▶ [What you need to do] Could you copy, exactly as written, every line from the first line of the records through the one containing "Bürgermeister Andreas Sunder"?

▶ [Available data]
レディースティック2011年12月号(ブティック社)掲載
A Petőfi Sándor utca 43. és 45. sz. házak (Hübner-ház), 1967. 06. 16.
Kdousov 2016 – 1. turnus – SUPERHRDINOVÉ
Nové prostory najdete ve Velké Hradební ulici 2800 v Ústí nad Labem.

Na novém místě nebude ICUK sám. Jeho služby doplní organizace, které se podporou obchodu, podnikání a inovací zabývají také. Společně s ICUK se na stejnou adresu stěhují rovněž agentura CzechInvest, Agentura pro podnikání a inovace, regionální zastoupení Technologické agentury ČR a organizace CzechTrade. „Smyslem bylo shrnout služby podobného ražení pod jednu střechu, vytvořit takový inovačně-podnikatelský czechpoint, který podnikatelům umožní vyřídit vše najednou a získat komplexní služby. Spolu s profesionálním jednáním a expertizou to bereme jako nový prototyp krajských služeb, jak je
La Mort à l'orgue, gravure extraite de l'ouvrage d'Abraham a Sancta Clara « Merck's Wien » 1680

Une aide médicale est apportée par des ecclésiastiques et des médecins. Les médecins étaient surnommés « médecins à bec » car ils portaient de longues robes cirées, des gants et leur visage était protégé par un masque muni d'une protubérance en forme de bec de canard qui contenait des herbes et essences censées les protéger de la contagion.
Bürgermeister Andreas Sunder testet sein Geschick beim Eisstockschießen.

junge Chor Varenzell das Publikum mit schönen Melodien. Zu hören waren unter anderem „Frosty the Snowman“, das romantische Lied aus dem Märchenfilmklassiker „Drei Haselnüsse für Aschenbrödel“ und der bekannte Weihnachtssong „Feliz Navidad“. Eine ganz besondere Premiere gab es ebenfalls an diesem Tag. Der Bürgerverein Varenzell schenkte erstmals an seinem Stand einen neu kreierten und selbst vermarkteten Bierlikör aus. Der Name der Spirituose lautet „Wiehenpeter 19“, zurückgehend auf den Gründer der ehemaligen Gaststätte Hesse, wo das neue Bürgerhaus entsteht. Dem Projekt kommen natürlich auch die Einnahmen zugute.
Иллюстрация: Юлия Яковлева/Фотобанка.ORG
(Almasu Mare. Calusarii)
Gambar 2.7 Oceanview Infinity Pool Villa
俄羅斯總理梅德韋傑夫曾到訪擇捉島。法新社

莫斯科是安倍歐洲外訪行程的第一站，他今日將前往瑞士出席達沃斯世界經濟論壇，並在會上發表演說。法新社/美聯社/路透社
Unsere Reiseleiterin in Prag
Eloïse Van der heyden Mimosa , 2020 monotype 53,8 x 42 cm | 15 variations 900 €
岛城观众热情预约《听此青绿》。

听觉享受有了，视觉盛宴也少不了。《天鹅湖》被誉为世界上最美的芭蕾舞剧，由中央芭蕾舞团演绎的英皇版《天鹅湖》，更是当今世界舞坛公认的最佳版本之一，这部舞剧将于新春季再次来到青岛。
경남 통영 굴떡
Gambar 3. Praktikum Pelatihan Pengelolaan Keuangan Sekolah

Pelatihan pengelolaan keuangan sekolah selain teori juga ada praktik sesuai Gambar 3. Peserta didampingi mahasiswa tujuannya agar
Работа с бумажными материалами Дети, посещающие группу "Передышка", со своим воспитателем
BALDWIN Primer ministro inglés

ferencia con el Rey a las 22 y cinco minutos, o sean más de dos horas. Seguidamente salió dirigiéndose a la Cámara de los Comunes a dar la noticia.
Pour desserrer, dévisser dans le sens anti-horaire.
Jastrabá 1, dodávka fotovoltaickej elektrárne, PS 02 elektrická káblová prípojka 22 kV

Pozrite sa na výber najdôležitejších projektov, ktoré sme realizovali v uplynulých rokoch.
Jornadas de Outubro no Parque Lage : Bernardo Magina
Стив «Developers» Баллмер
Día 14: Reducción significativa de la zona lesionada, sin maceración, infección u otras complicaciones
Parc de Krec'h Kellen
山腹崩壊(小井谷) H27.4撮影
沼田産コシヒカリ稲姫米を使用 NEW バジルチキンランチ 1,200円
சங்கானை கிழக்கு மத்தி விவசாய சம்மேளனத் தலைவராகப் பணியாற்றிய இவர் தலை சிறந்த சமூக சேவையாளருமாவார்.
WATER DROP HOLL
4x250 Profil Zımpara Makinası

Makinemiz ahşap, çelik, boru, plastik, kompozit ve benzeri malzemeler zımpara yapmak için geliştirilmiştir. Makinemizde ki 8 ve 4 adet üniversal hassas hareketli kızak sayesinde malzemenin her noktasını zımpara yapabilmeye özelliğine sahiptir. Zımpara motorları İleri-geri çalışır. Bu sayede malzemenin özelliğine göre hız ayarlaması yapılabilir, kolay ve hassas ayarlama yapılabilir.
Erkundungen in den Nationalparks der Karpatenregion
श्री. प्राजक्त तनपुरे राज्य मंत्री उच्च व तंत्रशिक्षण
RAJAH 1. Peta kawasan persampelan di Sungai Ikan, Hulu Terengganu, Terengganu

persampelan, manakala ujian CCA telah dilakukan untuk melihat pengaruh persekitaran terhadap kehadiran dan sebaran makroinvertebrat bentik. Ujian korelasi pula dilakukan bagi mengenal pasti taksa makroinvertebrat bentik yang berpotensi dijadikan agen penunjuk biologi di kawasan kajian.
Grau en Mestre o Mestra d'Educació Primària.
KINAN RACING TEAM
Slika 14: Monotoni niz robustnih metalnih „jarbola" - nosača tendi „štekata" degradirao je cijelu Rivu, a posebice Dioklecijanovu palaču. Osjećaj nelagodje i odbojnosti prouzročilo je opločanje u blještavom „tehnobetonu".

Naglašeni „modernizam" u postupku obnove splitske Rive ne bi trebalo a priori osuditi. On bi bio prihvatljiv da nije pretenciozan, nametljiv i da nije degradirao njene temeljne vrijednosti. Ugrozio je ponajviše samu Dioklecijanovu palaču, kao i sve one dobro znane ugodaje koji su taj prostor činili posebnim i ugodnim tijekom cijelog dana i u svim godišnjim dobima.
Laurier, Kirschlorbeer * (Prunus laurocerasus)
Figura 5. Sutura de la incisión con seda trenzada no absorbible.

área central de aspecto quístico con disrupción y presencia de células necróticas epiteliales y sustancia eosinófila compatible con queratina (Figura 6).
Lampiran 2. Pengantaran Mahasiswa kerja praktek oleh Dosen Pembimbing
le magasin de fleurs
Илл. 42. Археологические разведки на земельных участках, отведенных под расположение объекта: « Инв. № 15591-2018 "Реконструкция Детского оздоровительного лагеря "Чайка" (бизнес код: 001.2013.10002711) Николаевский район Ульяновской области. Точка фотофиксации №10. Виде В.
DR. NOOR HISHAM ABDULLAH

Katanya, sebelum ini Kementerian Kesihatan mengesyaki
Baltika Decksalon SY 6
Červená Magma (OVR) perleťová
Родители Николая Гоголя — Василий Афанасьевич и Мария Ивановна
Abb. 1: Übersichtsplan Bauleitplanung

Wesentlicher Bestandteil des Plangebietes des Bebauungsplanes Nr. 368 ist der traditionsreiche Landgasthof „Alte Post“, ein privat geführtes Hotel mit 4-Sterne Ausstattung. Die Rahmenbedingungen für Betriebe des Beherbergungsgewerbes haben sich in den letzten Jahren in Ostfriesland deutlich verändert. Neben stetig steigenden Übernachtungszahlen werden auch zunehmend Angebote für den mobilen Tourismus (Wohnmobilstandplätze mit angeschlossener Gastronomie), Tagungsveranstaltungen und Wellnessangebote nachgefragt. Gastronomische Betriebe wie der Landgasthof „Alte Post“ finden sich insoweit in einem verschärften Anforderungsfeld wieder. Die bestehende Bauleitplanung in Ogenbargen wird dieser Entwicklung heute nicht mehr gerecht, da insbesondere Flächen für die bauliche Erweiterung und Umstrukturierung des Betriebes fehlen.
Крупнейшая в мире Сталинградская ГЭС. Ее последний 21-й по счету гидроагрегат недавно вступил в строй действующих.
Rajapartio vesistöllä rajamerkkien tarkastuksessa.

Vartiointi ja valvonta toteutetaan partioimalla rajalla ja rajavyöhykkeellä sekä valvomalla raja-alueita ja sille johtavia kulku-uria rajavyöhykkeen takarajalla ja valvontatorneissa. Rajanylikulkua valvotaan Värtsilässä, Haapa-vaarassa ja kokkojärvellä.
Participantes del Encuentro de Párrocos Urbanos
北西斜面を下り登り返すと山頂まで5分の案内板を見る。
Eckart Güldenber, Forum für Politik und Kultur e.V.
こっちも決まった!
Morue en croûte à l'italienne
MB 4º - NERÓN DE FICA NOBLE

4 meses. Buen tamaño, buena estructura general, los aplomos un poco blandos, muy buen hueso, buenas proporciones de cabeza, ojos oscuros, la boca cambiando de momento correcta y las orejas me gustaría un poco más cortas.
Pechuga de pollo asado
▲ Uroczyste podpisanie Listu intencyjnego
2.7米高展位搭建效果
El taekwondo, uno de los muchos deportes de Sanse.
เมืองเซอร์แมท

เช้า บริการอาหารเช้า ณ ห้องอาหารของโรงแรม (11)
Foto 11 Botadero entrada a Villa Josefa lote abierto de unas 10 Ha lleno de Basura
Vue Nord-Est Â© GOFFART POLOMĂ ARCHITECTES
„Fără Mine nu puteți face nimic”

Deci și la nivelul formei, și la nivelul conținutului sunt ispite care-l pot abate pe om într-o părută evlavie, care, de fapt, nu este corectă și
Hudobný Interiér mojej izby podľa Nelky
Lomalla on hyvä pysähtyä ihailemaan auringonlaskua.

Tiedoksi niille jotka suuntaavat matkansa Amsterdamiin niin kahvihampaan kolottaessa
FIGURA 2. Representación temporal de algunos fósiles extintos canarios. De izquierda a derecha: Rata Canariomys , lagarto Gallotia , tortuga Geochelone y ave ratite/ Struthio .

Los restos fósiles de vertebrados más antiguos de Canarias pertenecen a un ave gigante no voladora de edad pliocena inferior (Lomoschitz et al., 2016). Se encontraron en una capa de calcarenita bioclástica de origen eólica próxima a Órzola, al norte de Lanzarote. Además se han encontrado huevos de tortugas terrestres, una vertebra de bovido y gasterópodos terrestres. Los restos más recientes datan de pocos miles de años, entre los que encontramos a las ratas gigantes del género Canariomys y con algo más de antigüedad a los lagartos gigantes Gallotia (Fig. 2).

▶ [Exercise response]
レディースティック2011年12月号(ブティック社)掲載
A Petőfi Sándor utca 43. és 45. sz. házak (Hübner-ház), 1967. 06. 16.
Kdousov 2016 – 1. turnus – SUPERHRDINOVÉ
Nové prostory najdete ve Velké Hradební ulici 2800 v Ústí nad Labem.

Na novém místě nebude ICUK sám. Jeho služby doplní organizace, které se podporou obchodu, podnikání a inovací zabývají také. Společně s ICUK se na stejnou adresu stěhují rovněž agentura CzechInvest, Agentura pro podnikání a inovace, regionální zastoupení Technologické agentury ČR a organizace CzechTrade. „Smyslem bylo shrnout služby podobného ražení pod jednu střechu, vytvořit takový inovačně-podnikatelský czechpoint, který podnikatelům umožní vyřídit vše najednou a získat komplexní služby. Spolu s profesionálním jednáním a expertizou to bereme jako nový prototyp krajských služeb, jak je
La Mort à l'orgue, gravure extraite de l'ouvrage d'Abraham a Sancta Clara « Merck's Wien » 1680

Une aide médicale est apportée par des ecclésiastiques et des médecins. Les médecins étaient surnommés « médecins à bec » car ils portaient de longues robes cirées, des gants et leur visage était protégé par un masque muni d'une protubérance en forme de bec de canard qui contenait des herbes et essences censées les protéger de la contagion.
Bürgermeister Andreas Sunder testet sein Geschick beim Eisstockschießen.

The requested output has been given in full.